Why: Modern coding-agent RL runs over rollouts of 100,000+ tokens — one scalar reward at the end has to credit or blame every token equally, and the per-decision signal drowns in noise. Targeted hints localize the gradient so the policy learns exactly the move the coach pointed at.
vs prior: Standard end-of-rollout scalar reward spreads one bit of credit across the whole rollout. Targeted textual feedback picks a target span, writes a short hint into local context, treats the hinted distribution as a teacher, and applies KL distillation only on that span — a much denser per-token signal where it matters (illustrative orders of magnitude in the worked example below).
Think of it as
a basketball coach reviewing 2 hours of game tape.
ONE 100K-TOKEN ROLLOUT
│
┌─────────────┴─────────────┐
│ │
┌────────▼─────────┐ ┌────────▼─────────┐
│ Scalar at end │ │ Hint at minute │
│ (one -1 reward) │ │ 47 (target span) │
└────────┬─────────┘ └────────┬─────────┘
│ │
credit ÷ 100k tokens KL on a ~50-token
≈ 0.001% per token span ≈ 2% per token
│ │
▼ ▼
✗ averaged drift ✓ localized credit
across the game where it mattered
- rollout = 2 hours of game tape (one game = one 100k-token episode)
- end-of-rollout scalar reward = the final scoreboard — one number for the whole game
- targeted textual hint = the coach pointing at minute 47 and saying 'shoot the corner three here'
- teacher distribution = the coach's chalkboard sketch of the corrected play
- on-policy distillation KL = the player drilling that one moment until their action matches the chalkboard
Quick glossary
Rollout — One full episode produced by sampling from the policy — for a coding agent that's an entire session of tool calls, file edits, and model outputs, often stretching to 100,000+ tokens. The unit of RL training data here is a whole rollout, not a single response.
Credit assignment — The problem of deciding which decisions inside a rollout actually deserve the reward. With one scalar at the end, every token gets the same blame; the gradient can't tell the move that mattered from the moves that didn't.
Target message — The specific model message the trainer picks out of the rollout for hinted distillation. The hint goes into local context around this message; the resulting distribution becomes the teacher for that span.
On-policy distillation — Distilling a teacher's distribution into a student while the student keeps generating its own rollouts (rather than imitating fixed teacher trajectories). The policy distribution at the target span is what gets matched.

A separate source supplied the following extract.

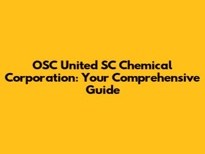 OSC United SC Chemical Corporation: Your Comprehensive Guide

KL divergence — The standard distance between two probability distributions — how far the student's next-token distribution is from the teacher's. Used here as the localized loss on the target span; gradients elsewhere come from the broader RL objective.

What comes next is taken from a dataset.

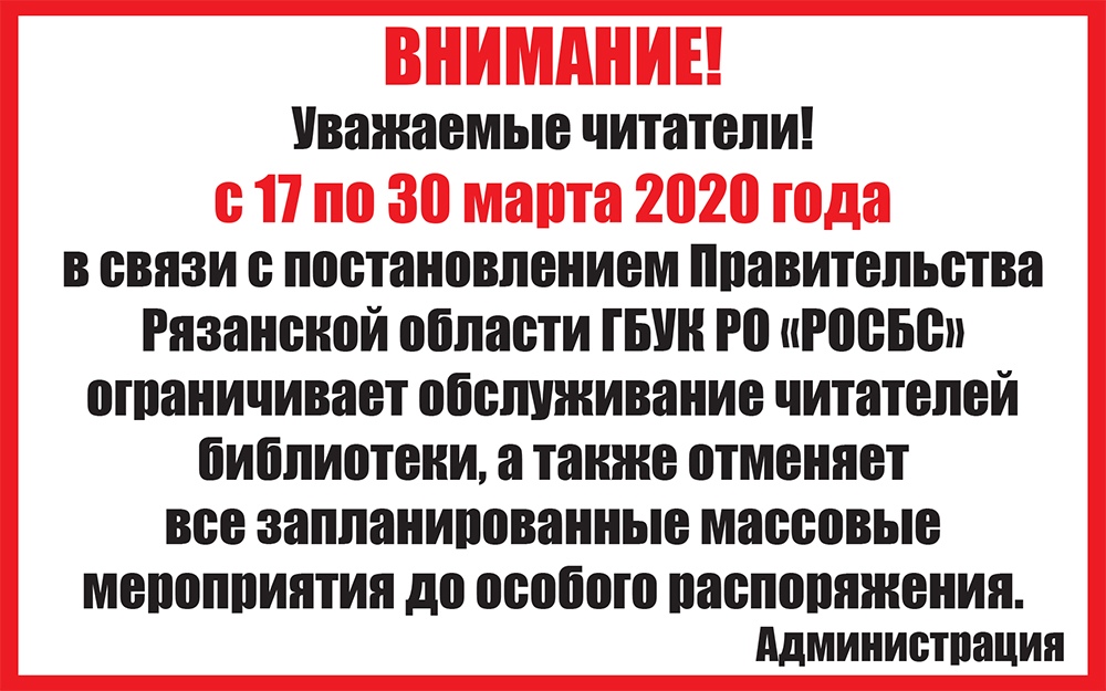 В связи с постановлением Правительства Рязанской области на период с 17 по 30 марта 2020 года ГБУК РО «РОСБС» ограничивает обслуживание читателей библиотеки, а также отменяет все запланированные массовые мероприятия до особого распоряжения.

RLVR — Reinforcement Learning with Verifiable Rewards. The dominant post-training setup for modern reasoning and coding agents — a deterministic checker grades each rollout 0 or 1.
Sharded Muon / HSDP — The optimizer / parallelism layer Cursor swapped in to make this training run efficient at their scale. They are mentioned in the source as enabling infrastructure, not the focus of this explainer — covered separately under cost & latency framing.
The news. On May 18, 2026, Cursor released Composer 2.5, a "substantial intelligence and behavior upgrade" built on the same Moonshot Kimi K2.5 open-source checkpoint as Composer 2. The release blog details three training-stack changes; the headline one is targeted RL with textual feedback — a credit-assignment trick for very long agent rollouts. The same post also flags a companion frontier model being trained from scratch with SpaceXAI on Colossus 2 at roughly 1M H100-equivalents (~10× Composer 2.5's total compute).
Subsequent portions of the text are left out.